У Жанетт возникает неожиданная идея.
– Теперь нам надо быть более осторожными по отношению друг к другу, даже хорошо, что ты опять уезжаешь, – говорит она. – А я пойду и поговорю кое с кем. Глупо, но, может быть, поможет.
– Тебе бы к психологу, – советует Юнас, без малейшего самодовольства, хотя он из той же профессии.
– Да, – кротко отвечает Жанетт, на самом деле она совсем не психолога имела в виду.
* * *Звонок в дверь – и Симон, как обычно, открывает. Воскресенье, Симон никого не ждет, и вдруг звонок в дверь, и на пороге – Тереза. Все как обычно.
Вот только вид у Терезы необычный. Под глазами темные круги. У нее в руке кошачья корзинка-переноска. Стоит на пороге, пытливо глядя на Симона.
– Привет! Ты дома? – спрашивает она каким-то неестественно вежливым тоном.
– Да-а-а. Как видишь.
– Да, вижу.
Ее вдруг качнуло, но она не упала, успела опереться о дверной косяк. Симон подумал даже, что она в подпитии, но нет, Тереза усилием воли выпрямилась.
– А Малин? Малин здесь? – Как бы между прочим спрашивает она.
– Нет. Заходи.
Тереза медленно входит в прихожую и ставит корзину на пол. На ее волосах блестят белые снежинки.

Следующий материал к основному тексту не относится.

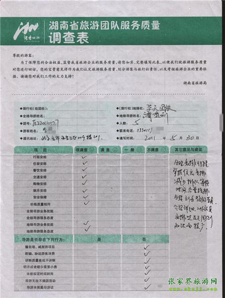 2011年5月30日李小姐一行5人旅游質(zhì)量反饋
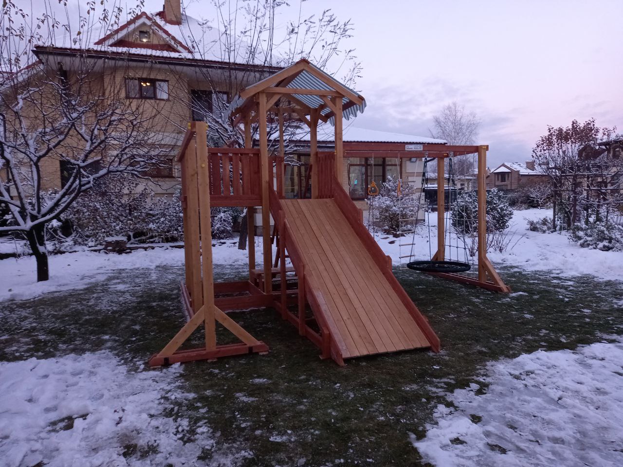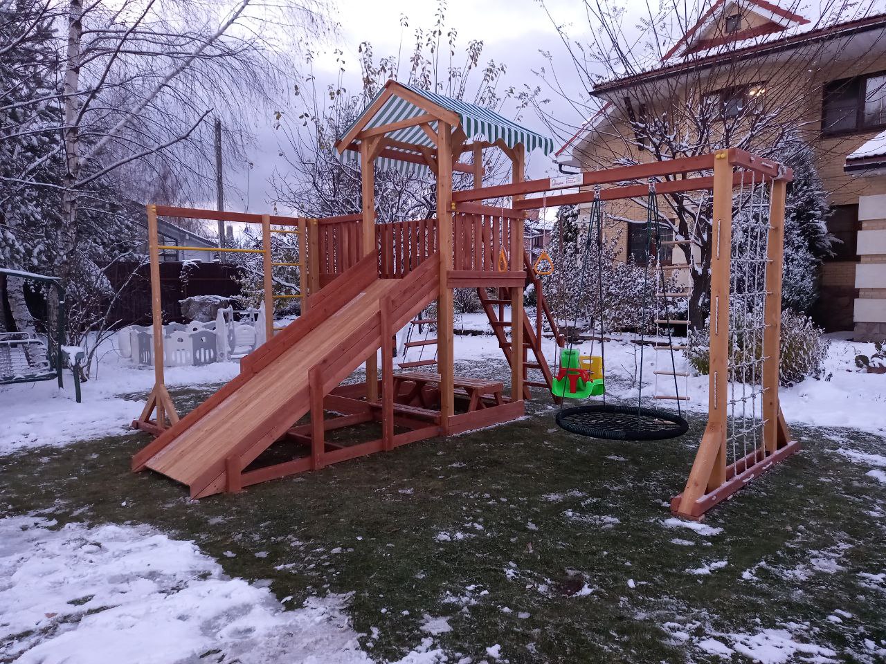 Всепогодный двухуровневый игровой комплекс представляет собой игровую башню, защищенную от солнца и осадков яркой крышей. К башне примыкает увеличенный балкон, вмещающий 2-3 человека. Особенность этой модели - возможность замены летних скалодрома и горки на деревянный скат зимой. Скат превращается в ледяную горку для катания, стоит только залить его водой в мороз или плотно примять выпавший снег. Подняться в башню, неся тюбинг или ледянку, можно по широкой удобной пологой лестнице с перилами.
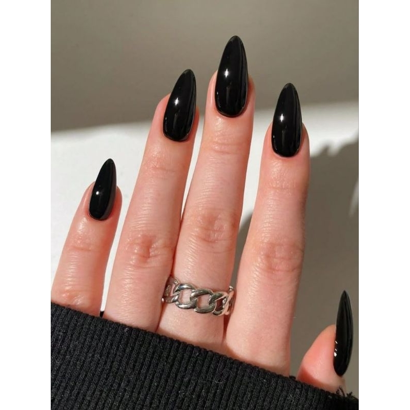 Postiça Realista Premium - Unhas Decoradas com Acabamento Natural toda preta
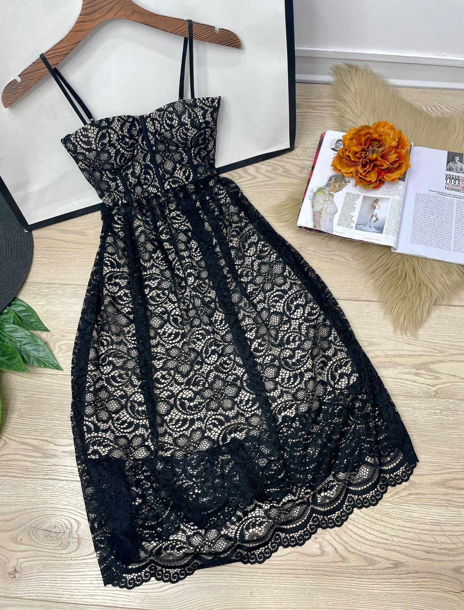 Long dress worked on elasticated knit with lace embroidery, preformed cups, adjustable shoulder straps and rear zip closure. Made in Italy.
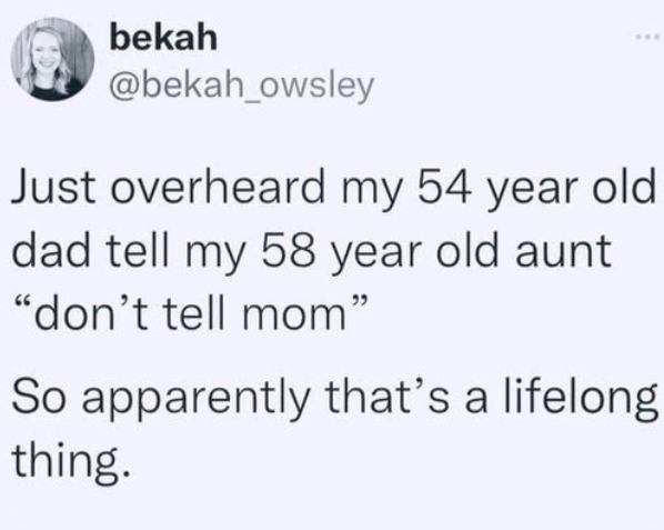 「ちょうど54歳の父親が58歳の伯母に『母さんには言うなよ』と言っているのを聞いた。どうやらそのやりとりって一生ものだったんだね」
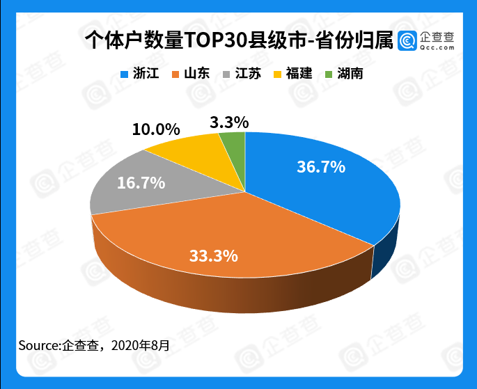 企查查还发现,这些个体经济发达的县级区域大多分布于浙江、山东和江苏,以及福建和湖南,这与省份排名亦有所对应,如同剥丝抽茧一般,个体经济在哪些地方活跃的真相逐渐显露出来。浙江省个体经济十分发达,所辖县区在TOP30县区中既排名靠前,又数量最多;山东省所辖县区排名虽不靠前,但胜在数量多;江苏省以昆山为首,数量虽不敌浙江、山东,但稳居榜首,此三省个体经济最为强势。至于福建和湖南,也有南安市、宁乡市、石狮市、龙海市这些个体经济发达的县区。
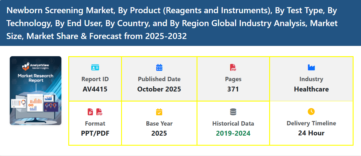 The Newborn Screening Market is witnessing steady and consistent growth as healthcare systems worldwide prioritize early diagnosis of congenital and metabolic disorders in infants. Newborn screening plays a critical role in preventive healthcare, enabling clinicians to detect conditions such as phenylketonuria (PKU), congenital hypothyroidism, cystic fibrosis, and various hemoglobinopathies within days of birth. Early identification allows timely treatment, reducing the risk of lifelong health complications and improving long-term outcomes.
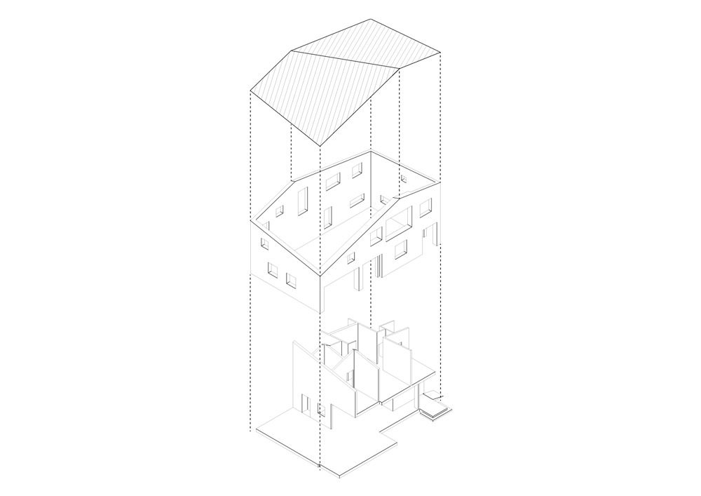 The architectural floor plan is rectangular, but the ridge of a roof is turned diagonally from the center of the building, and the two slopes of left and right roofs are applied differently. The various heights and slopes of the eaves on the four sides of the building are the abstract representation of nature's irregularities.
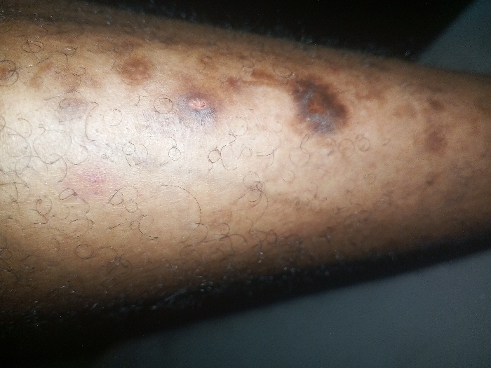 The image presents a close-up forensic view of human skin, consistent with an extremity, situated in the city of Unknown, Unknown. The skin exhibits a medium to dark brown pigmentation with scattered, dark, curly hairs. Numerous dermatological features are present: A prominent erythematous papule, approximately 2-3 mm in diameter, is visible in the mid-left region. Immediately to its right and slightly superior, a raised, purplish-brown lesion, roughly 4-5 mm in diameter, displays a central depression or crust. Multiple irregular hyperpigmented macules and patches, varying from several millimeters to over a centimeter in size, are distributed across the surface, with a notably larger, dark brown, ill-defined patch observed in the superior right quadrant. Some hair follicles are distinct, and several hairs appear to be embedded within the epidermis. The immediate background is uniformly dark, indicating a focused perspective on the skin surface.
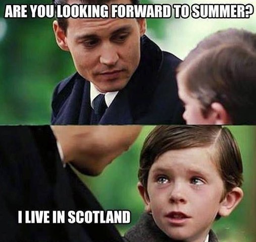 Summer in scotland meme. Both in terms of natural and cultural attractions. See more ideas about scottish bones funny scotland forever. At the height of summer it feels like the sun barely sets with 16 18 hours of daylight.
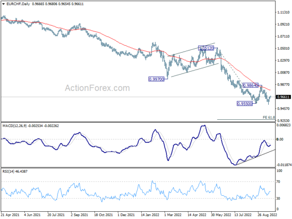 Intraday bias in EUR/CHF stays neutral as recovery from 0.9530 extends. But outlook remains bearish with 0.9864 resistance intact. On the downside, break of 0.9530 will extend larger down trend to 61.8% projection of 1.0512 to 0.9550 from 0.9864 at 0.9269.

Глянув в зеркало, которое висит в прихожей, она вытерла мокрый лоб.
– Выгляжу не очень…
– Как дела? – спрашивает Симон.
– Хорошо. – Тереза снимает пальто, бросает на стул, а потом стоит, оглядывая прихожую Симона, будто видит ее в первый раз.
– Что собираешься сегодня делать? – спрашивает она.
– Ничего, – говорит Симон. На нем широкий вязаный свитер и носки из козьей шерсти. – Я, кажется, простыл. Такой жуткий снег, страшно нос высунуть.
– А-а, – равнодушно произносит Тереза.
– Хочешь кофе?
– Нет. – Она медленно идет в гостиную, останавливается и теперь внимательно осматривает ее. Симон следует за ней.
– В корзине кошка? – Симон машет рукой в сторону прихожей. Тереза окидывает его взглядом.
– Нет, кошку я забыла в “Шератоне”.
Симон открыл рот, чтобы задать вопрос, но Тереза тут же поспешно поднимает руку:
– Нет сил объяснять.
Симон в растерянности. Он не знает, что ему делать и как с ней разговаривать. Поэтому он стоит, будто проглотив язык. Тереза, усевшись на диван, устало смотрит в окно.
– А чем ты сегодня занималась? – наконец решается спросить Симон.
– Ревела.
И снова молчок.
Симон топчется на месте, не зная, как быть: то ли сесть с ней рядом на диван, то ли пойти на кухню? Что он должен сказать? “Что случилось?”
– Что с тобой, Тереза? – произносит он. Тереза молчит. Ее глаза странно блестят, потом медленно наполняются крупными, тяжелыми слезами, которые капают на диванную обивку.
Только не это. Симону совсем не нравится, когда девчонки плачут у него на диване. Даже если это Тереза, он считает, что реветь глупо. Но Тереза решила выплакаться, выплеснуть из себя все то, что довело ее до слез. Она знает, что Симон не поймет, но все-таки готова попытаться ему объяснить.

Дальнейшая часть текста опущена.